Reducing the Background Field Variations Using the Geometry Information
Y Katkuri1*, S Buch2, E Haacke3, Z Latif4, J Neelavalli5, Y Xuan6, (1) Wayne State University, Detroit, Michigan,(2) McMaster University, Hamilton, Ontario, (3) Wayne State University, Detroit, Michigan, (4) Wayne State University, Detroit, Michigan, (5) Wayne State University, Detroit, Michigan, (6) Wayne State University, Detroit, MIWE-C-116-6 Wednesday 10:30AM - 12:30PM Room: 116
Purpose: To demonstrate a new approach for reducing background phase variations in the susceptibility weighted image (SWI).

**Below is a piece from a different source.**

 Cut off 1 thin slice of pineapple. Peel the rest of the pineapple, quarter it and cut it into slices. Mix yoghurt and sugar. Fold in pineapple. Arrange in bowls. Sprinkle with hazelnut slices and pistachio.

Methods: In order to perform this experiment, we acquired high resolution sagittal 3D SWI images of the left leg. Background phase variations were removed to significantly reduce the phase due to the geometry and improve the data quality. This was done using forward modeling approach to simulate phase generated only due to the geometry of the leg [2-5].

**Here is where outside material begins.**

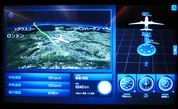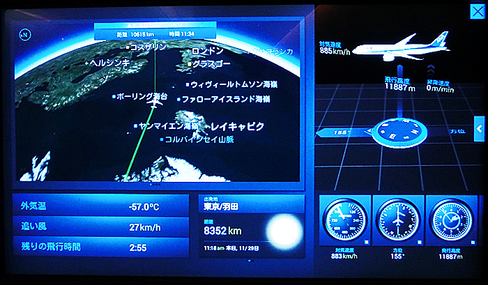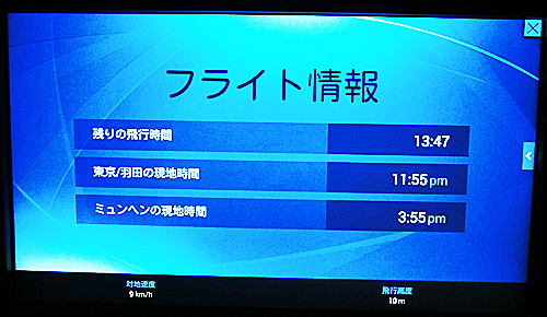ふと我に返って(笑)、CAさんではなくモニター画面の方を凝視・観察すると、そこにはフライト情報が・・・羽田が11時55分、ミュンヘンが3時55分となっていますから、差し引きすると、マイナス8時間の時差があるわけですね。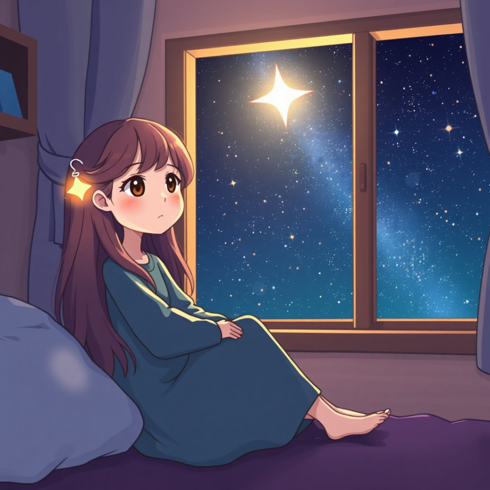 밤하늘을 바라보던 소윤이는 갑자기 하늘에서 반짝이는 작은 별이 쏟아지는 걸 봤어요. 그 별 하나가 소윤의 가슴속으로 쏙 들어왔지요. 깜짝 놀라 잠에서 깼지만, 뭔가 특별한 기분이 남아 있었어요.

Results: The collected data indicated that the phase effects due to the background are very large, so we used forward modeling approach to remove the unwanted phase variations in the image background. This approach uses a kernel described by the Green's function in k-space to generate point dipole effects across the tissues using its magnetic susceptibility properties. The data resulting from this technique gave us improved phase images and also helped in collecting water-fat out of phase information using complex division of flow compensated (FC) 5.2ms and 6.5ms data sets. To further see the potential of this technique, we complex divided the FC 7.8ms and not FC 7.8ms data sets resulting in data with direct flow information.

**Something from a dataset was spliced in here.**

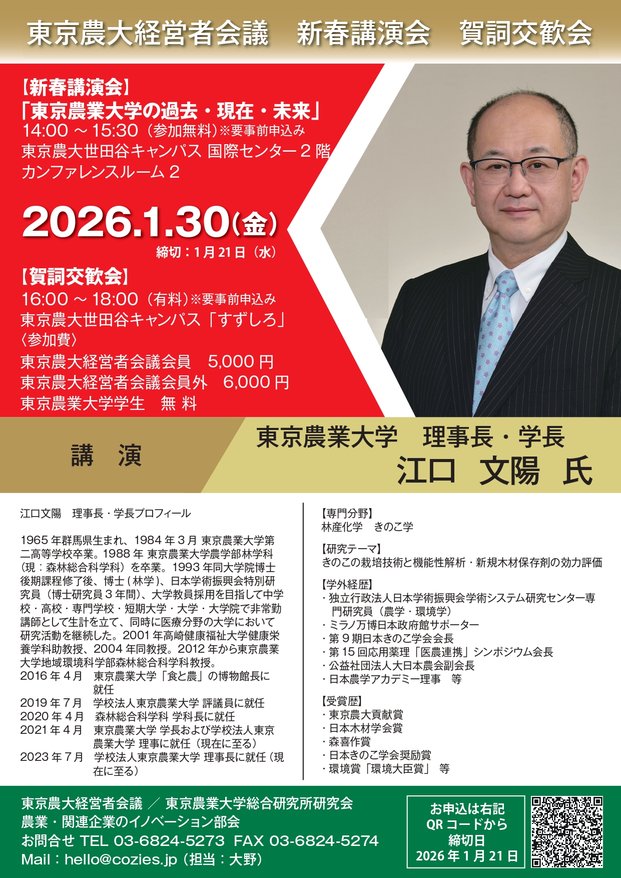 下記の通り新春講演会・賀詞交換会を開催いたします。ぜひお誘い合わせのうえ、ふるってご参加下さい。 【新春講演会】 講師:江口文陽氏(東京農業大学 理事長・学長) テーマ:「東京農業大学の過去・現在・未来」 日時 :令和8年1月30日(金) 14時~15時半 場所 :農大世田谷キャンパス 国際センター2階 カンファレンスルーム2 参加費:無料(要事前申し込み) 【賀詞交歓会】 日時 :令和8年1月30日(金) 16時~18時(予定) 場所 :東京農大 世田谷キャンパス 「すずしろ」 参加費(当日徴収・要事前申し込み) 東京農大経営者会議 会員 :5,000円 東京農大経営者会議 会員以外:6,000円 東京農業大学 学生 :無料 参加をご希望の方は以下フォームよりお申し込み下さい。 申込期限:1月21日(水) 参加フォームはこちら |

Conclusion: We have demonstrated that using a homodyne high-pass filter alone does not remove the phase due to the geometry. Using the proposed novel technique we were able to significantly reduce the phase due to the geometry and improve the quality of the data for further analysis of water and fat separation as well as visualizing veins. The remaining weakness of this method is that the veins appear as fat in the muscle part of the image but the next step in this processing is to due susceptibility mapping which will then remove the veins and leave a pristine fat map. We are currently evaluating this approach.